Of course, there is the sigh of relief, a sigh of expectancy, and even a sigh of joy. But that isn’t the sigh described in Mark 7. The sigh described is a hybrid of frustration and sadness. The apostle Paul spoke about sighing: he said that Christians will sigh as long as we are on earth and long for heaven; and that the creation sighs as if she were giving birth; even the Spirit sighs as he interprets our prayers (Romans 8:22-27). All these sighs come from the same anxiety; a recognition of pain that was never intended, or of hope deferred.

When Jesus looked into the eyes of this man, the only appropriate thing to do was to sigh. ‘It was never intended this way,’ the sigh said. ‘Your ears weren’t made to be deaf, your tongue wasn’t made to stumble.’ In a strange sort of way, this sigh brings me comfort, because in an indirect way, God’s pain is our comfort.

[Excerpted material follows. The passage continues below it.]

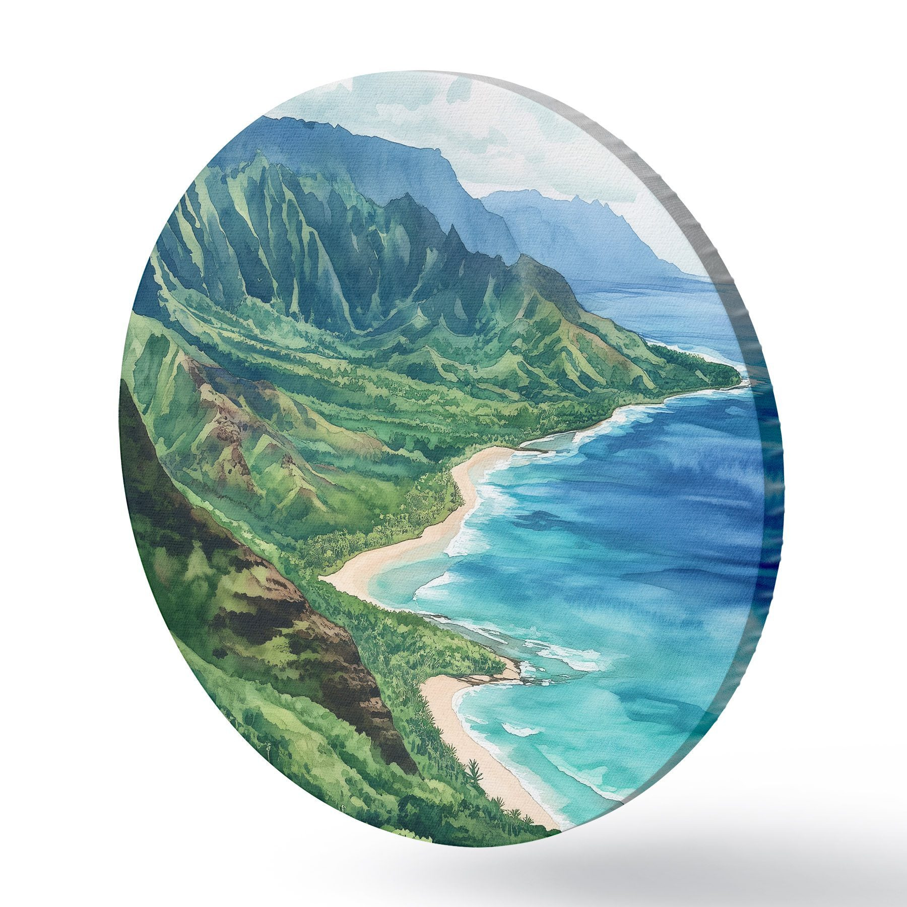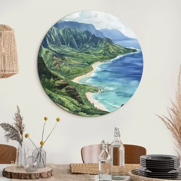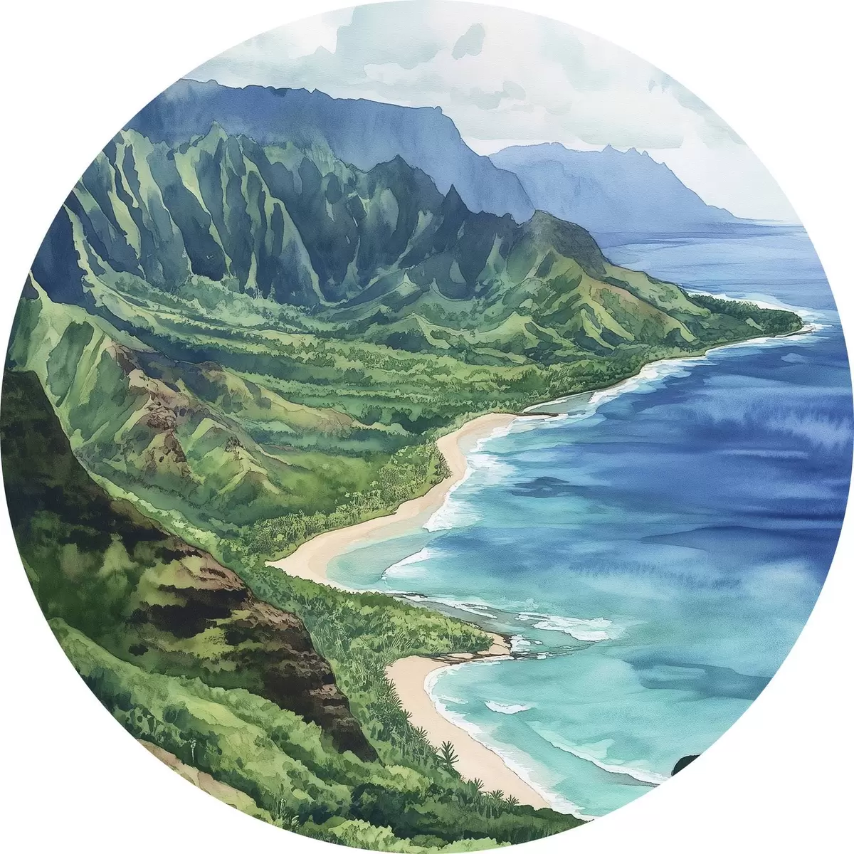 Apaļas gleznas Zaļie kalni, Havaju salas, okeāns, tropu, akvareļu stilā r44143

For it is in the agony of Jesus that our hope lies. Had he not sighed, had he not felt the burden for what was not intended, we would be in a pitiful condition. Had he simply chalked it up to the inevitable or washed his hands of the whole mess, what hope would we have?

But he didn’t. That holy sigh assures us that God still groans for his people. He groans for the day when all sighs cease, when what was intended to be will be.